If you are dealing with Postgres, then using pg_bouncer makes a lot of sense only if you have multiple applications that are competing for database resources. Otherwise, allowing the application to directly connect to the database is the optimal approach.

In some situations, have a dedicated data access layer talk to pg_bouncer is better than having apps directly talk to it. The data access layer can be decoupled and help out with ease in setting up caching databases and can communicate with the application code over an event bus.

Serving 500 requests 20 at a time is faster than 100 at a time.

This is one of the most counter-intuitive realities of database engineering. It sounds like a paradox but under the hood it comes down to how your hardware is handling concurrency.

Here’s why 20 beats 50:

An 8-core CPU can only execute 8 instructions at the exact same physical millisecond.
When 20 connections are fighting for 8 cores, the CPU can switch between them with minimal friction and spending 100% of the time executing SQL query.
When 50 connections are screaming for the same 8 cores, the CPU starts spending a massive percentage of it’s clock cycles just saving, swapping and loading process states.

Additional section if you read till this far :)

Overclocking connection pools (a Postgres example)

By default a PostgreSQL server has a max_connections of 100 and you are trying to increase it to 150 then you are not just changing a number in the postgresql.conf.

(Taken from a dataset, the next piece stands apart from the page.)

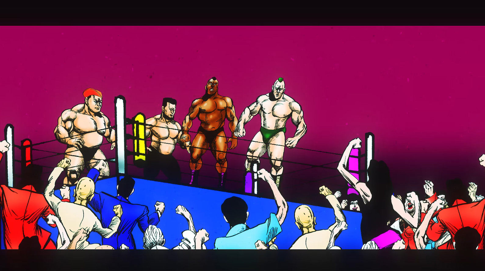 先行して解禁された場面写真では、プロレスラーに扮したサイプレス上野とロベルト吉野が、コーナーポストに扮したももクロメンバー達に支えられ未知なる強敵と戦っている様子が公開された。果たしてこのMVが意味する内容とは!? 特別番組を見て、是非チェックしよう!

You are essentially increase the footprint of the DB across your server’s entire hardware resource.

The three primary pillars to deal with are - RAM, CPU and IO

1. RAM Calculation: Critical Factor

Each Postgres backend process consumes a baseline amount of memory, plus whatever memory is allocation for running queries.

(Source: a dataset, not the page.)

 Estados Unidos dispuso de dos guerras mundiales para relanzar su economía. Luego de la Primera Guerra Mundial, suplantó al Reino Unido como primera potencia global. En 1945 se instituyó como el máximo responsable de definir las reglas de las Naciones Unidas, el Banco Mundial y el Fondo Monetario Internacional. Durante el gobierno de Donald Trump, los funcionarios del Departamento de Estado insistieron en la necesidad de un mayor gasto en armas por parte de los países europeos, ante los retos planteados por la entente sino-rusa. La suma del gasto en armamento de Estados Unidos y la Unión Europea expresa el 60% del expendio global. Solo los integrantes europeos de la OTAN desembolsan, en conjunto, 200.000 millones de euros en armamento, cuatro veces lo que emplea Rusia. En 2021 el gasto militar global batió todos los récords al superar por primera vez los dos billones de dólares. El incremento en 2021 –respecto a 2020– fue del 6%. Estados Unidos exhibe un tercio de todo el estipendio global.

You need to calculate your memory scaling based on two primary configuration parameters:

shared_buffers: The pool of memory shared by all connections for caching data is usually 25% of RAM.
work_mem: The amount of memory used by a single internal sort of hash ops within a query before it writes to temporary disk files. Crucially, a single complex query might use multiple times this amount.

max_memory_risk = shared_buff + (max_conn × work_mem × ops_per_query)

At 100 connections with a work_mem of 64MB, your connection-specific memory risk is up to 6.4GB, but at 150 connections, this jumps to 9.6GM!

2. CPU Scaling

8 cores can easily handle 150 idle connections, but when a traffic spike comes and all connections become active at the exact same time, the 8-core CPU chokes!

The way to scale CPU:

If your workload is highly concurrent but consists of short, fast queries, scaling to 16 cores will provide the necessary bandwidth to handle the increased process scheduling without severe context-switching latency.
If you cannot scale the CPU, you must use an external connection pooler like pg_bouncer is front of Postgres. PgBouncer can accept thousands of application connections but routes them into a tight, highly efficient pool of just 15 to 20 actual DB connections, saving your CPU from melting.

3. I/O (Disk Speed)

The more number of connections generally mean more concurrent read/write ops. If you scale your server’s compute and RAM but leave it on low-IOPS storage then the extra connections will be stuck on “disk wait” state!

When it comes to cloud providers, increase in storage volume must be accompanied IOPS along with server size. Moving from 8 cores to 16 cores ideally should be accompanied by a boost to atleast 3,000 to 5,000 provisioned IOPS (fast NVMe drivers) to handle the increased concurrent write-ahead logging (WAL) and data flushing.